─── Data ───
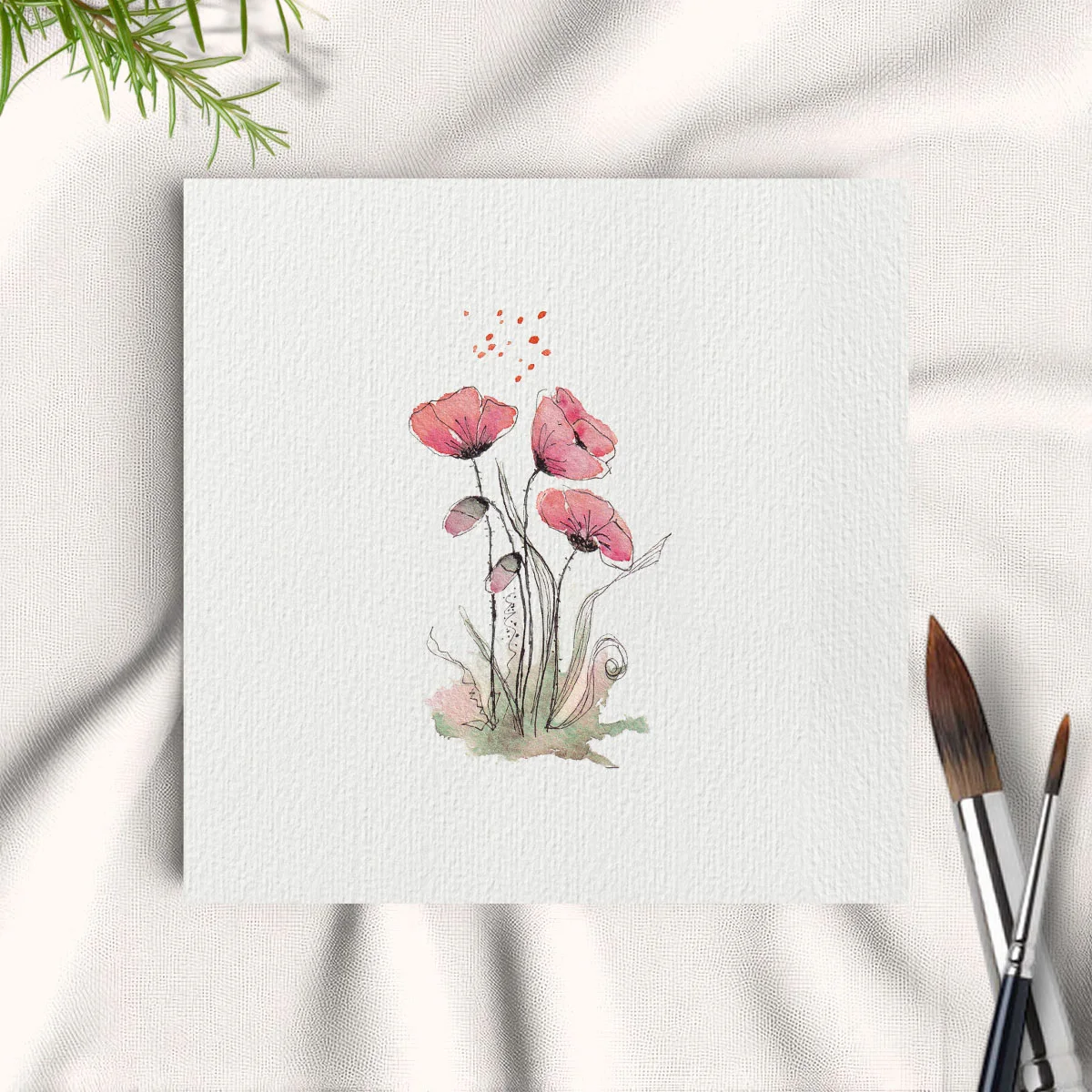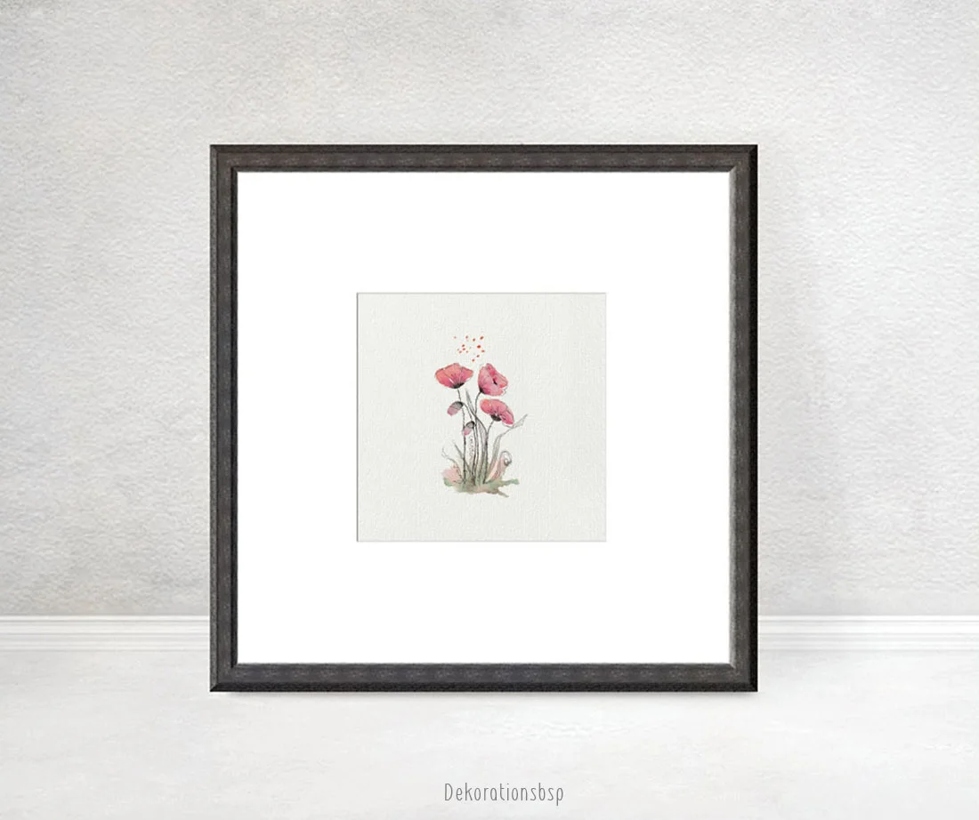 Mini-Aquarell - Kunstdruck im minimalistischen Stil Sommerblumen – Die Minibilder sind perfekt als Geschenk oder zum Selbstbehalten für Zuhause und Büro
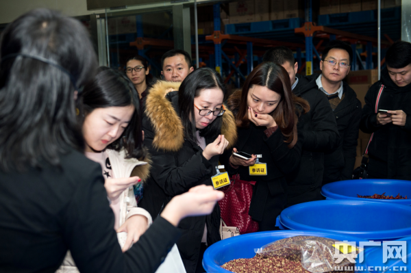 巴奴這3個(gè)極具現(xiàn)代化的中央廚房,供給著全國(guó)37家門店,每天數(shù)以萬計(jì)的食材由這里發(fā)出。(圖為工作人員向媒體介紹制作火鍋底料的食材)
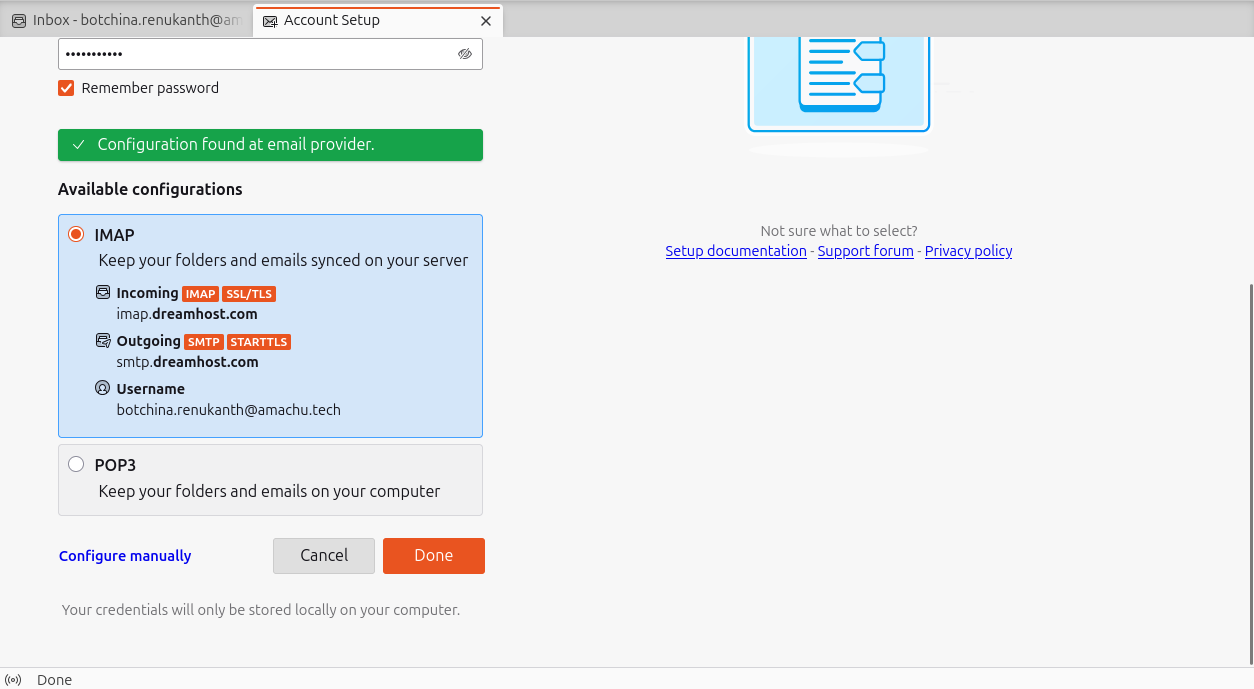 Step3. Thunderbird mail was configured.
───
What you output must match the data exactly, apart from the pictures, which are left out.

▶ Result for this exercise
 Mini-Aquarell - Kunstdruck im minimalistischen Stil Sommerblumen – Die Minibilder sind perfekt als Geschenk oder zum Selbstbehalten für Zuhause und Büro
 巴奴這3個(gè)極具現(xiàn)代化的中央廚房,供給著全國(guó)37家門店,每天數(shù)以萬計(jì)的食材由這里發(fā)出。(圖為工作人員向媒體介紹制作火鍋底料的食材)
 Step3. Thunderbird mail was configured.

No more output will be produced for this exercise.